Today
marks “one month” with the Wisconsinite, and it’s been an amazing month of
continuing to get to know and love even more the most wonderful and beautiful
woman I’ve ever met. Every morning, day, and night I thank God for bringing us
together, and I’m still so amazed that God has answered a prayer I prayed night
and day for oh-so-long. Not in a million years did I expect this to happen, and
not in a million more years will I be
ungrateful for the love we share and the gift God has given me, a gift with
many privileges and just as many responsibilities. My love and affection for
her only grows, and though we’ve only seen each other for a total of four days
since we’ve officially been together, I still feel like she’s such a huge part
of my life, the preeminent human
relationship, and if we can “share life” when separated by several hundred
miles, I can only begin to imagine how great it will be to share life with her “in
person.” Until that day comes, I’m thankful for every phone call, every Skype
date, every little text, every postcard laced with her handwriting. Half the
time it doesn’t even matter what the letters say; it’s her handwriting, and it’s beautiful.
I
love her. I love her. I love her.
I
can’t stop saying it. I can’t stop thinking it.
I
love her. I love her. I love her.
(I
fear I may be developing tourets)
To
be honest I agonized over this post. It’s our one month, after all, and I feel
like such a milestone (it’s kind of a big deal for me, guys) should be
commemorated by the best blog post ever. But I risk just coming off as
over-the-top sappy (I can’t help it). Mandy makes me want to sing and dance, to
laugh and shout, and I can’t stop telling people about how much I love her, how
excited I am to spend the rest of my life with her, how stoked I am to build a
family with her. I want to write poems and songs (that’s a dangerous thought), and I want to do all those cliché things
lovers do, those things that make the cynics sick: shout my love from the
rooftops, send little lovey-dovey videos, carve our initials in trees, show
pictures of us to all my friends and the people I work with. I want to laud her
with praise and call her “honey boo” and “baby” and “sweetie” and “my love,”

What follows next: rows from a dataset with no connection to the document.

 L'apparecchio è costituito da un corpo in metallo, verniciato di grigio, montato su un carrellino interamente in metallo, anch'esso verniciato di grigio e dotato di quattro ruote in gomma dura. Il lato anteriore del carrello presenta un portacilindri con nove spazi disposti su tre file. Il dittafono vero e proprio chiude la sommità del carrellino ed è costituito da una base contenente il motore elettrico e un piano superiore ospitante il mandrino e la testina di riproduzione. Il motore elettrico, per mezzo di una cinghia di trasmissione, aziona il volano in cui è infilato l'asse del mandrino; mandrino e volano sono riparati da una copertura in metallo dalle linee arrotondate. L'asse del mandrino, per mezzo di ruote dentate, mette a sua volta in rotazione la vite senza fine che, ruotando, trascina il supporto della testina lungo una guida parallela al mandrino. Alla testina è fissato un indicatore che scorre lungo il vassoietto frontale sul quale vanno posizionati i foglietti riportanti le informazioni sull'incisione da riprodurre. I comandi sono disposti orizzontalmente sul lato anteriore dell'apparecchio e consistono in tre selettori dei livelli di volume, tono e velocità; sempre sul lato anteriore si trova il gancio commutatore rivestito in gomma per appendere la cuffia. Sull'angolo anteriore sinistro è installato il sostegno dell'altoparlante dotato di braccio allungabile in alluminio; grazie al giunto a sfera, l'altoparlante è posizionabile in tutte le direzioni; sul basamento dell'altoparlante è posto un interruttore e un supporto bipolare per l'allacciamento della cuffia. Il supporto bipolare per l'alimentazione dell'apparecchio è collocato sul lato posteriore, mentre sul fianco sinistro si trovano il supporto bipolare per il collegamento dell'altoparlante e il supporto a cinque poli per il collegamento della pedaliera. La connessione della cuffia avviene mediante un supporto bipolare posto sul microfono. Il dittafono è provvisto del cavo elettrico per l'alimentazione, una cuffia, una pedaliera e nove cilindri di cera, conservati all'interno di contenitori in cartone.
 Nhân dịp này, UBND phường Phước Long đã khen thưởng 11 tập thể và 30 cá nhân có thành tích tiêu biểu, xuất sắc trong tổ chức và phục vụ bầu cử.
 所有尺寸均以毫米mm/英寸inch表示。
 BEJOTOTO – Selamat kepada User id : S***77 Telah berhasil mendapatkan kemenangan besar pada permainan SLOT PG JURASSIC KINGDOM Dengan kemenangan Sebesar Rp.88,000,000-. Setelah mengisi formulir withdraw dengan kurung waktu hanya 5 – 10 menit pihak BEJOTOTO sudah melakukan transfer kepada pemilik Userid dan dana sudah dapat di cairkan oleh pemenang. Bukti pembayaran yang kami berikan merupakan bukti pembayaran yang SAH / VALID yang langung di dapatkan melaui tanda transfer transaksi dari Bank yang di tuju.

because she’s all those things to me. I haven’t been in a lot of relationships,
but I’ve been in enough to know that this is different, that we are different; this is a love that is
strong, a love that goes far beyond
mere sentimentalism, a love cutting to the core. Mandy is the woman I love with
a fierce love, an impassioned love, a crazy love. Mandy is the woman who makes me want to die to myself
every day for her benefit and well-being, the one who makes me want to
sacrifice all that I have here just to be with her. Mandy is the one for me,
and she’s always been the one for me.
If this weren’t true, how can I explain all that I feel? And I’m not just
talking about “pie-in-the-sky” lollipops and unicorns feelings. Those are
there, of course: she does quite a thing to this little koala heart of mine,
something no one else has ever done. But the feeling goes beyond that; it’s a
feeling of determination, a feeling
of perseverance, a feeling that goes
far beyond “romance”, even far beyond “affection.” It’s love, pure and simple. It’s
a love that goes as deep as the marrow in my bones, a love permeating all that I
am, a love that is willing to risk everything just to be with her and to love
her as she so richly deserves.
And
thus I’ve failed at avoiding sappiness.
But
that’s okay; I know no other way.
My
love for her is bold, not timid, and I won’t let it be tamed.